This Race Was Decided by 734 Votes. The G.O.P. Wants to Disqualify 60,000 Ballots.
The New York Times
One of the closest state elections in North Carolina history now hinges on the latest power struggle between state Republicans and Democrats — and a voter form dating back 20 years.
From voter ID laws to district map-drawing to judges redeciding cases, North Carolina has long been a laboratory of sorts in ways to amass political power. In recent years, Republicans in particular have changed both state laws and election rules to hamstring Democrats’ influence.
Now, one of the closest statewide elections in North Carolina history is offering a vivid example of the maneuvering in play to gain an upper hand.
A lengthy recount of more than 5.5 million ballots from the November election that ended last week showed that an incumbent Democrat on North Carolina’s state Supreme Court, Allison Riggs, held a 734-vote edge over Jefferson G. Griffin, a Republican judge on the state Court of Appeals.
Judge Griffin has not given up.
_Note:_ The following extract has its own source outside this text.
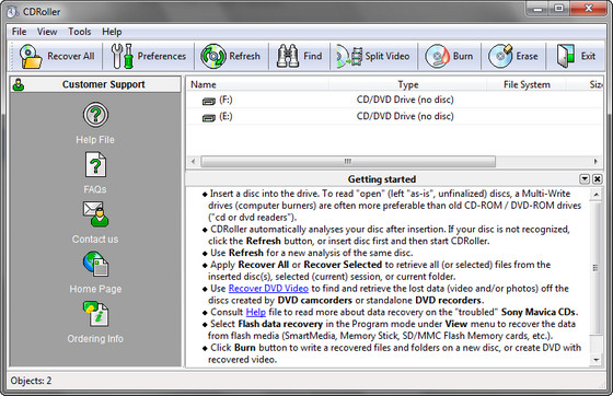 - Provides direct access to the hardware, bypassing the Windows File System. Looks for the lost tracks (sessions) every time when you insert a new disc into the drive

He is protesting the results of the entire election to the State Board of Elections, arguing that many voters were ineligible to cast ballots. That has been tried before — unsuccessfully, by a Democratic chief justice of the state Supreme Court who lost an even closer race in 2020.
But the scope of Judge Griffin’s protest is far more ambitious: He is calling for some 60,000 voters to be disqualified.
The issue largely comes down to requirements in voter registration applications approved by Democratic legislators in a 2004 law. The form was supposed to require applicants to list their driver’s license or Social Security numbers, but it did not — and over the years, thousands of voters, unaware of the requirement, did not provide them.